Before we give our highlights from Day Two of the Digital Health Communication Extravaganza, let’s add our voice to the chorus of attendees who were provoked by Sekou Andrews’ performative speech that closed Day One! Deeply touching (and amusing!), it was a superb example of using storytelling to talk about complex problems and solutions — a model we always love to see in action.
Vic Strecher’s Keynote Brings Inspiration and… Spirituality?
“We expect people to see our health message, say ‘Aha! Thank you, I never knew that before,’ and then do what we want them to do.” A lot of heads in the audience nodded at this and other observations by Vic Strecher. His keynote speech got us asking big questions like:
- If all our models are about morbidity and mortality, how can we expect people to take a “health assessment” without it feeling like a “death assessment”?
- Research shows that we aren’t good at making healthy decisions when under heavy cognitive load. How can we ease that load to help make those choices easier?
- If affirming personal values like empathy helps us make better choices for our health, why do we keep asking people about their risk factors instead of their hopes and beliefs?
- How can new technology help add tools like motivational interviewing into digital health interventions?
We’re really excited to put some of these concepts into action in our work at CommunicateHealth… stay tuned.
Digital Media — The digital self, the earned conversation, and the meaningful relationship
A few thoughts from this panel:
- By adding values to our online identities, we’re beginning the process of self-affirmation discussed earlier by Vic Stretcher. How can digitizing the self help us get better at making difficult health choices?
- We know that smokers stick with other smokers, and obese people tend to know other obese people. How can we reach key influencers in increasingly homogenized social groups?
- Nonverbal aspects of interpersonal communication can be integrated in digital communication. This means it’s more important than ever to design simple, welcoming products and tools. (And remember, simple tools help ease cognitive load!)
- How are readability, usability, and customization related to the credibility of our messages?
Ending with Innovation
The last speakers of the conference, Lawrence Swiader and Leigh Calabrese-Eck, shared interesting new campaigns that both try to change the tone of traditional health messaging to better connect with their audiences.
(And a good example of “tone fail”: Lawrence asks, “Why do the people on this vaginitis brochure look so… happy?”)
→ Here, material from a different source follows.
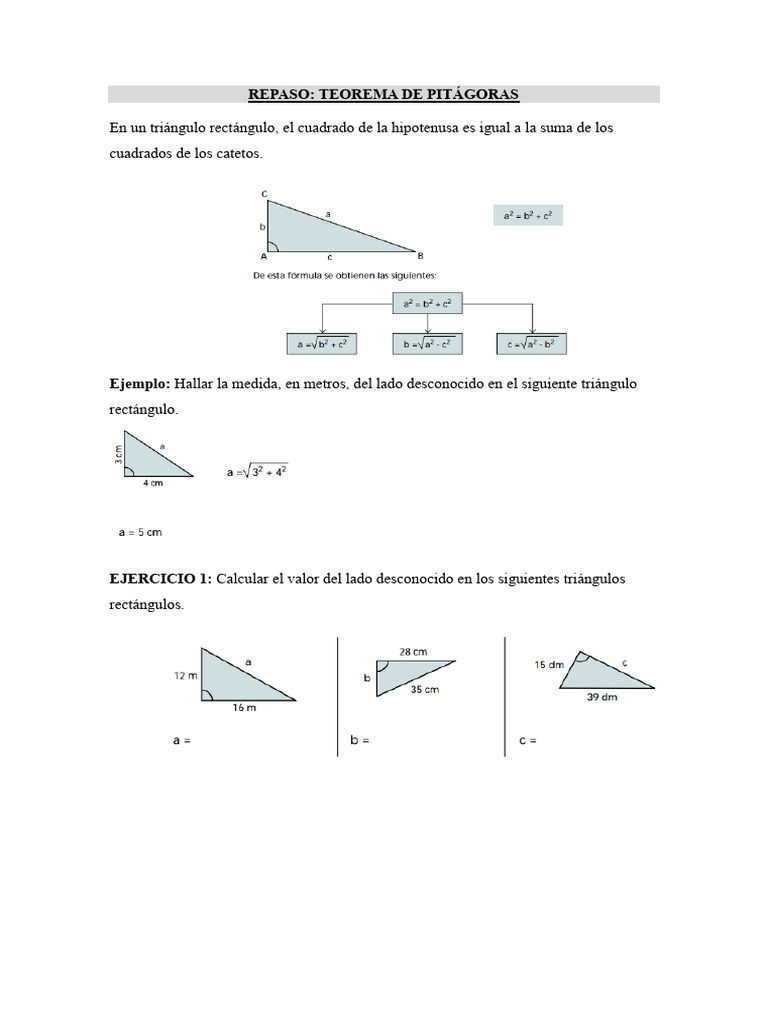 EJERCICIO 1: Calcular el valor del lado desconocido en los siguientes triángulos

- Bedsider.org isn’t about what type of birth control is “right” — it’s about what type is right for you. We love IDEO’s work, and weren’t surprised to learn that a number of users were involved in the creation and development of the site and complementary materials (like the new app Booty Log).
- Eliza Corp. uses automated telephone calls with friendly, fun messages to engage people with their health insurance carriers. Themes include “Talk health to me, baby,” among others.
Hitting the right note with messaging was a big theme of this panel: is the slick, sexy look of Bedsider.org what a woman struggling with choices about birth control really wants to see? Is a “love letter from your heart” what a person wants to hear from their HMO? It sounds like these campaigns are striving to listen to their audiences and will continue to hone the content and style of their messages.
A huge thank you to Jay Bernhardt, the University of Florida, and everyone who was involved with this conference. It was a very special group of thinkers (and doers!).
Also, thanks to everyone who stopped by our booth to check out the conversation on the live Twitter feed, see some examples of our work, and take our daily poll (did you know that 8 out of 11 DHCX attendees want to get emails from their doctor in between visits?). We look forward to seeing you all again next year!